脱炭素社会・循環型社会
脱炭素×DXで養豚業の未来を拓く:株式会社Eco-Pork
2025.05.04

インタビュー者紹介
株式会社Eco-Pork
共同創業者 兼 取締役
荒深 慎介 氏Arafuka Shinsuke
企業や研究機関、自治体といった様々なパートナーと連携し、エネルギーや環境、次世代技術に関する課題解決や新しい価値創造を目指す、ENEOS CVC。今回は「株式会社Eco-Pork」との事例を紹介します。
養豚業界は今、後継者不足や環境負荷の高さといった課題を抱えています。この課題は、このまま放置すると幾年か後には豚肉が食べられなくなるかもしれないという世界的に大きな問題に直結するもの。こうした状況の中、ICT・IoT・AIを活用したDX(デジタルトランスフォーメーション)で養豚業界の革新を目指しているのがEco-Pork社です。同社は2024年1月にENEOSとパートナーシップを締結し、脱炭素・循環型社会の実現に向けた協業を開始。同年9月には、養豚業ではじめての”J-クレジット創出プログラム型プロジェクト”を始動しました。
今回は、ENEOSとのパートナーシップ締結に至った経緯や養豚業界におけるDXの取り組み方などについて、共同創業者兼取締役の荒深慎介氏にインタビューしました。
養豚業は世界最大の一次産業マーケット
―まずは養豚業の市場規模や課題について教えてください。
世界では今、人口の増加による”タンパク質危機”が懸念されていることをご存知でしょうか。これまで発展途上国と呼ばれた国が豊かになってくると、食生活も変化していきます。この影響を受け、食肉の需要が急増し供給限界量を突破するタンパク質危機が訪れると言われています。弊社では、早ければ2027年ごろに需要と供給のバランスが逆転すると試算しています。
実は、豚の農業生産額は世界の農業生産額(488兆円)の約10%を占めており、養豚業は一次産業の中でも世界最大のマーケット(2021年時点)です。養豚は、タンパク質危機解決のカギとなり得る産業なんです。
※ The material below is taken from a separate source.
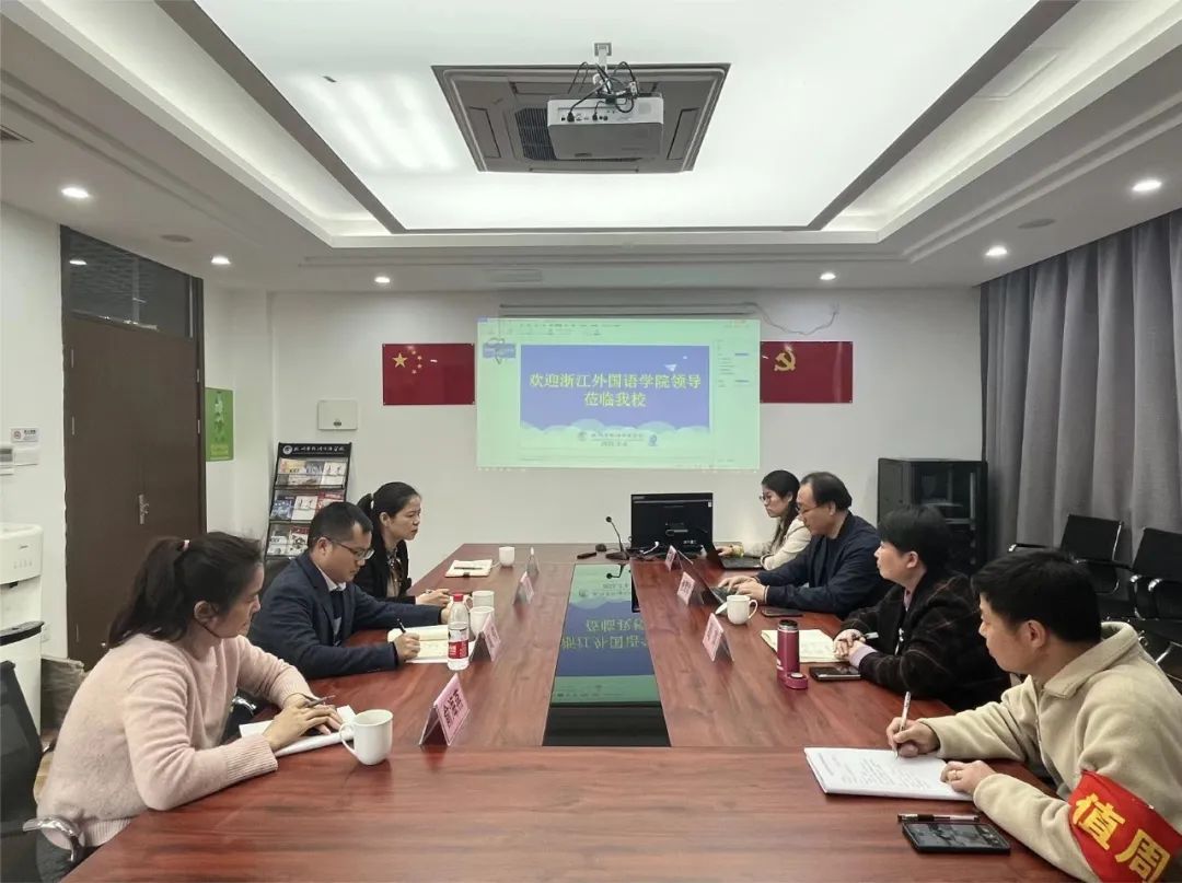 杭州市钱塘外语学校校长张军林对陶伟一行的到来表示欢迎,介绍了学校作为首所“名校广场”的办校理念、教学特色、文化活动等。张军林表示希望能和高校加强合作,创新共建形式、扩宽共赢维度。陶伟介绍了学校和学院的基本情况,重点阐述了学院的人才培养体系和育人成果。双方就外语教师人才培养研究、学生实习实践合作、共建课程和师资共享等方面深入交流,并达成合作意向。

しかしながら、養豚業は労働力の不足や熟練者の経験に頼った生産方法など、労働生産性の問題を抱えています。また、養豚業は、環境負荷の高さも課題です。世界全体で見ると豚による穀物消費量は、世界のコメの生産量の約1.3倍。世界の豚の生体から排出されるGHGは、世界の二輪車から排出されるGHGの約2倍です。養豚を持続可能な産業にしていくためには、業界全体で環境負荷の低減にも向き合っていく必要があります。
そこで、私たちEco-Porkは、2040年が食肉を選択できる未来であることを目指して、養豚の生産性向上と環境負荷低減を両立させるデータソリューションの提供を行っています。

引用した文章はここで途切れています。